[Extracted material Boundary: Start]

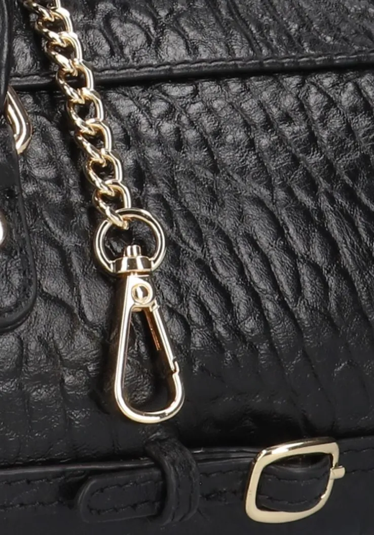 Ontdek de veelzijdigheid van de NÚNOO NORI NEW ZEALAND handtas. Deze stijlvolle zwarte tas is gemaakt van zwart leer en heeft rondom goudkleurige details. De tas bevat één compartiment en wordt afgesloten met een ritssluiting. De binnenvoering is gemaakt van textiel en biedt genoeg ruimte voor jouw belangrijke essentials. Combineer ‘m moeiteloos met een elegante jurk of een casual jeans en blazer voor een chique look. Voeg een vleugje stijl toe aan je dagelijkse avonturen met deze prachtige schoudertas.
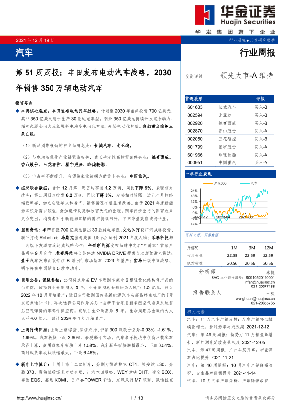 【华金证券】【20211219】汽车第51周周报:丰田发布电动汽车战略,2030年销售350万辆电动汽车-13页
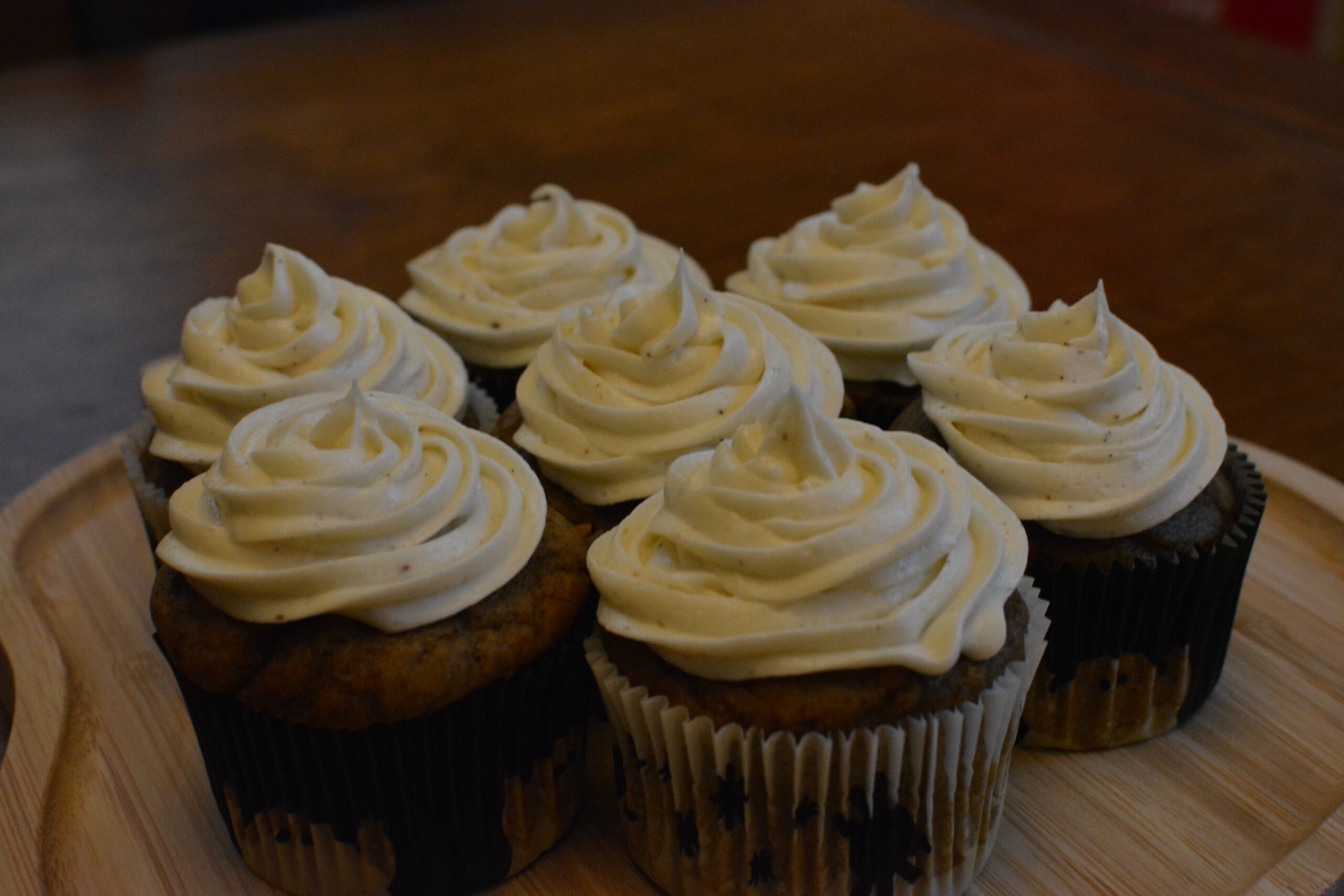 Make sure you let your bread/cupcakes cool for at least an hour. They should be nearly room temp before you add the frosting, or else it all melts right off. Like I said, I was excited about my new piping tips so I used those, but slathering some frosting onto a cupcake with a knife still looks really good. I’m telling you, this recipe is so freaking delicious! Let me know if you try it and how you like it.
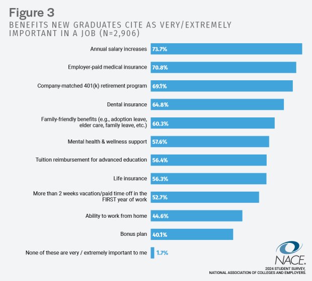 “A practical consideration for employers is that although a high starting salary fell lower on their wish list, students were clear that salary and benefits matter. For one thing, they expect organizations to be up front about their compensation page. Moreover, they look for annual salary increases,” says Shawn VanDerziel, NACE president and chief executive officer.
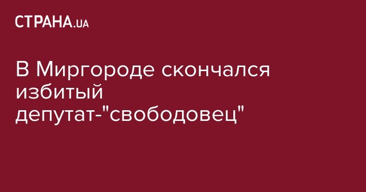 В Миргороде Полтавской области скончался в реанимации от полученных травм в результате нападения неизвестных председатель фракции ВО "Свобода" в Миргородском городском совете Олег Супруненко, избитый 12 июля. Об этом сообщили в пресс-службе "Свободы".
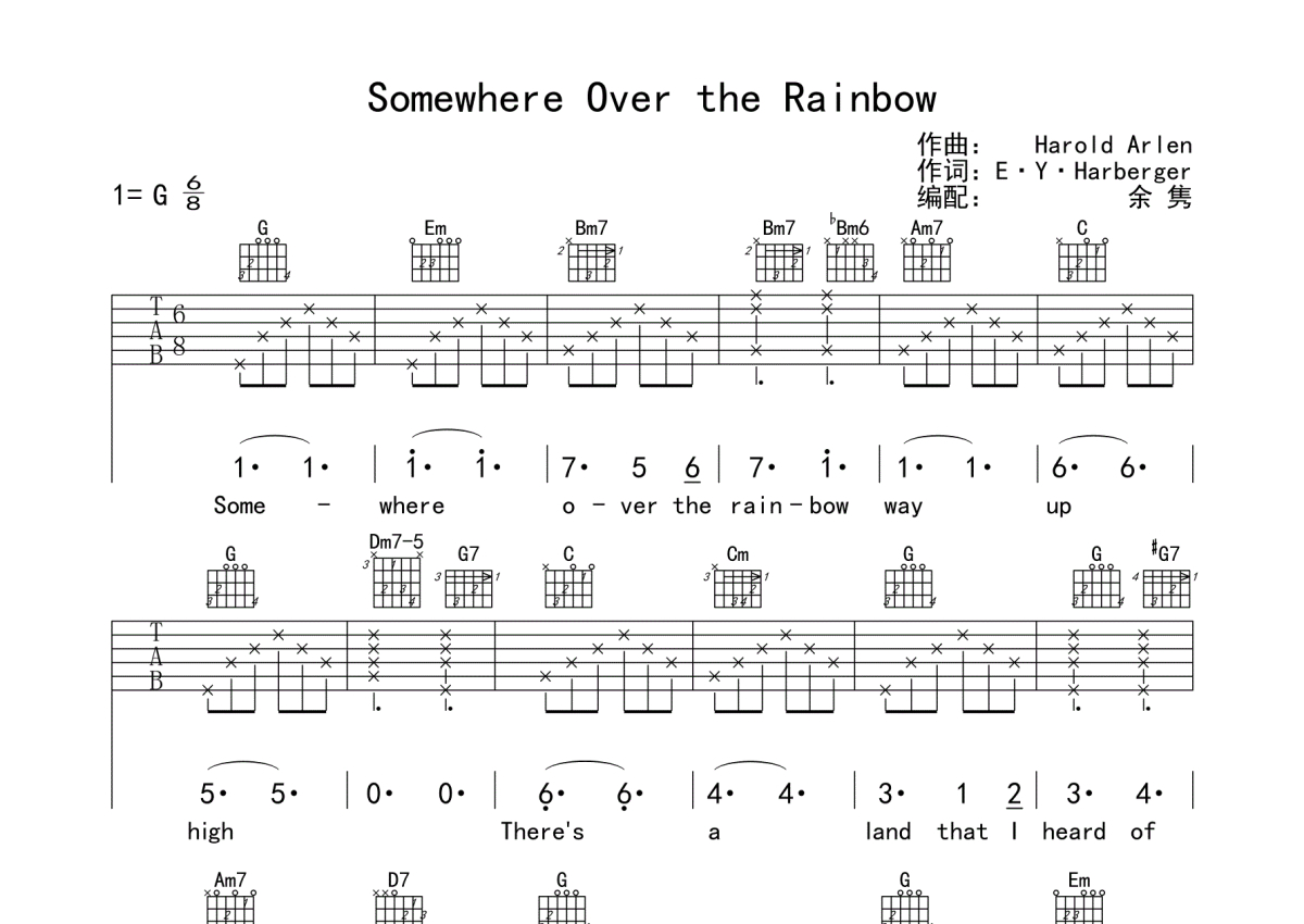 曲谱介绍: JudyGarland《Somewhereovertherainbow》吉他弹唱谱,采用G调指法编配,蘑菇编配出品,共有2张高清图谱,免翻页排版设计。

[Extracted material Boundary: End]

Your copy should hold only the lines from the line with "В Миргороде Полтавской" through the end of the data above, both ends included, transcribed exactly and without pictures.

 В Миргороде Полтавской области скончался в реанимации от полученных травм в результате нападения неизвестных председатель фракции ВО "Свобода" в Миргородском городском совете Олег Супруненко, избитый 12 июля. Об этом сообщили в пресс-службе "Свободы".
 曲谱介绍: JudyGarland《Somewhereovertherainbow》吉他弹唱谱,采用G调指法编配,蘑菇编配出品,共有2张高清图谱,免翻页排版设计。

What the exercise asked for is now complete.